In the early 2000s, when Anu had been recently hired as an extension associate for vegetable production by Cornell, she organized the Northeast Organic Network (NEON). This project asked organic farmers across the northeast to elect leaders in the field. “Eleven exemplary, well-established organic farms throughout the Northeast have been chosen as NEON partners for the on-farm study component of the project,” the description read. Anu and a small team traveled to each farm and recorded conversations on cassette tapes, used for the social side of the study. The idea was to highlight what these farmers were doing that made them successful. A goal and a body of work that we are reviving with our new podcast mini-series Wisdom of the Elders.

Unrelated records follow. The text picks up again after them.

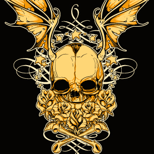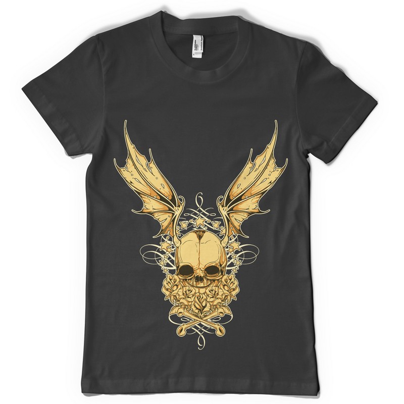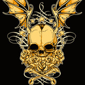 Golden wings graphic design template in vector format, featuring detailed golden skull and roses now available for Adobe Illustrator, Adobe Photoshop and Corel Draw and can be used for digital printing and screenprinting .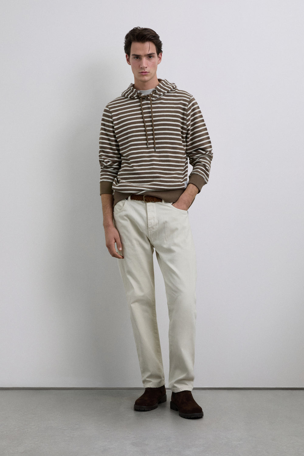 Sudadera confeccionada en 100% algodón BCI. Estampado de rayas. Corte regular. Etiqueta bordada en parte izquierda. Ojales metálicos. Cordones con punta metálica. Puños y bajo acanalados.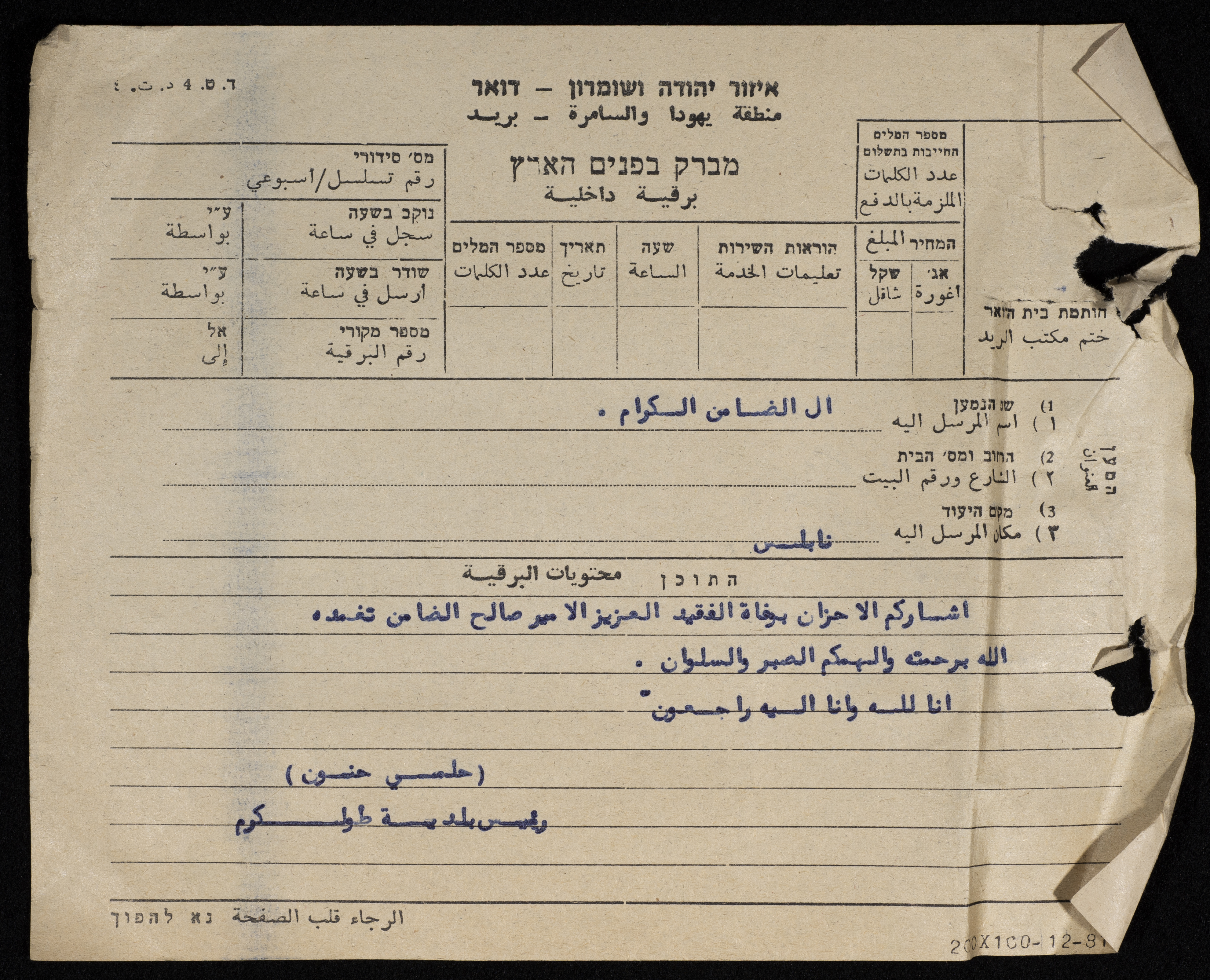 A Telegram from the Mayor of Tulkarem to al-Ḍamin Family

The mission is simple: to reconnect with these exemplary farmers (and some who were not part of the NEON project) and ask them to reflect on their careers and tell us what is next for them. Through those conversations, we hope to find nuggets of wisdom for those still farming.
Our first episode features a conversation with Dave and Christine Colson, who ran New Leaf Farm, a 3-acre intensive vegetable farm in Durham, Maine. The Colsons were some of the first farmers to grow and market salad greens on the East Coast. Anu traveled up to Maine in 2024 to sit down with Dave and Chris, reflect on their careers in farming, and talk about their transition to retirement.
“You don’t plan if you don’t have time to think, or reflect, or converse, you just work all the time,” Chris shared.
This captures an eternal struggle in farming: how to use your time. You can always do more on the farm, push yourself harder, but are you pushing in the right areas? With all the pressures and demands of farming, stopping to think feels hard, but it is so essential. It allows you to see the bigger picture and make sure you are putting your efforts into the right spaces.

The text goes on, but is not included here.